WORK REQUIRED: Print the data verbatim. Leave every image out.

---------- COLLECTED DATA

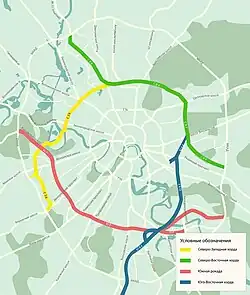 | Die vier Abschnitte des Moskauer Sekantenrings Nordwestliche Sekante (gelb) Nordöstliche Sekante (grün) Südöstliche Sekante (blau) Südliche Tagente (rot) | |
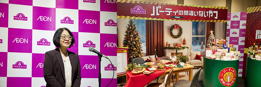 登壇したイオントップバリュ株式会社 代表取締役社長・土谷美津子氏は、「2025年度クリスマス・年末年始の取り組みについて ~物価高でもがまんせず、トップバリュで心あたたかく。~」と題してプレゼンテーションを行った。
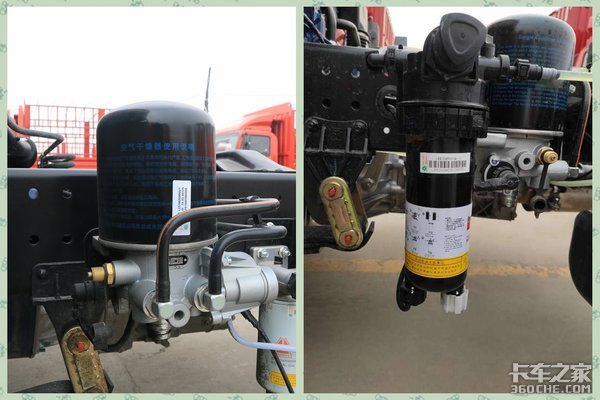 干燥器位于车架外侧,配置高密封性的快接插头,布置上比较合理,检修更换时拆卸上也比较方便快捷。部分车型配有原厂大品牌二合一燃油滤清器,可靠性更高,过滤效果更好。
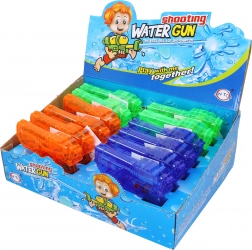 Pistola ad acqua alla moda di 15 cm, ideale per rinfrescarsi durante le calde giornate estive. Disponibile in tre varianti di colore: blu, verde e arancione.

--------------------

SOLUTION FOR THIS PROBLEM:
 | Die vier Abschnitte des Moskauer Sekantenrings Nordwestliche Sekante (gelb) Nordöstliche Sekante (grün) Südöstliche Sekante (blau) Südliche Tagente (rot) | |
 登壇したイオントップバリュ株式会社 代表取締役社長・土谷美津子氏は、「2025年度クリスマス・年末年始の取り組みについて ~物価高でもがまんせず、トップバリュで心あたたかく。~」と題してプレゼンテーションを行った。
 干燥器位于车架外侧,配置高密封性的快接插头,布置上比较合理,检修更换时拆卸上也比较方便快捷。部分车型配有原厂大品牌二合一燃油滤清器,可靠性更高,过滤效果更好。
 Pistola ad acqua alla moda di 15 cm, ideale per rinfrescarsi durante le calde giornate estive. Disponibile in tre varianti di colore: blu, verde e arancione.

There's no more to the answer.